═══ Data excerpt
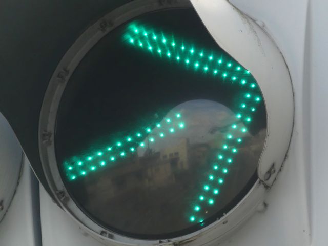 通常の十字路ですが、なぜか右折の矢印が斜め上向きになっています。
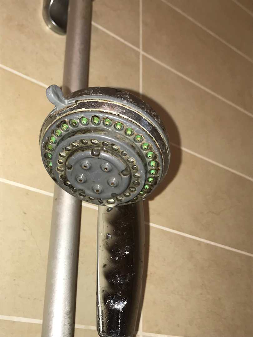 Der Duschschlauch und die Duschbrause wurden wahrscheinlich noch nie richtig geputz. Ekelhaft..
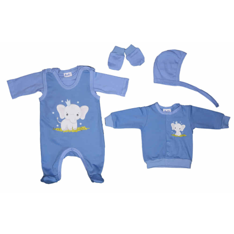 1 kép Asti 5 részes belül bolyhos kisfiú baba szett Elefánt mintával
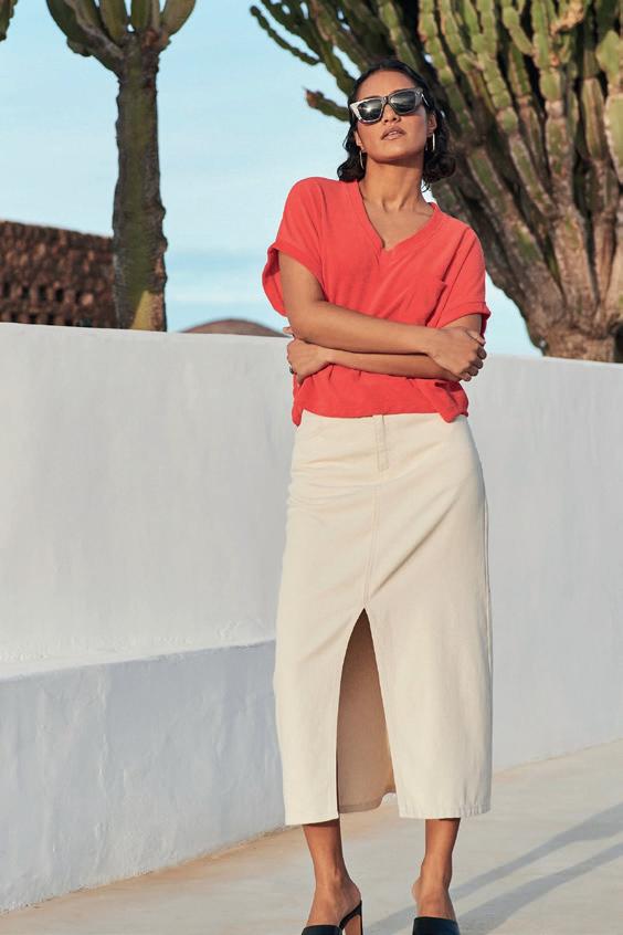 Denim is een tijdloos materiaal bekend om zijn stevige katoenen textuur. Oorspronkelijk populair geworden door de blue jeans, nu uitgegroeid tot een veelzijdige stof gebruikt voor talloze items. De must-have voor dit seizoen is de lange denim rok. Verkrijgbaar in verschillende wassingen en kleuren.
══════
Instructions to follow: Now repeat exactly the lines from the one with "Der Duschschlauch und" through the end of the listing above, both included, omitting all pictures.

The answer:
 Der Duschschlauch und die Duschbrause wurden wahrscheinlich noch nie richtig geputz. Ekelhaft..
 1 kép Asti 5 részes belül bolyhos kisfiú baba szett Elefánt mintával
 Denim is een tijdloos materiaal bekend om zijn stevige katoenen textuur. Oorspronkelijk populair geworden door de blue jeans, nu uitgegroeid tot een veelzijdige stof gebruikt voor talloze items. De must-have voor dit seizoen is de lange denim rok. Verkrijgbaar in verschillende wassingen en kleuren.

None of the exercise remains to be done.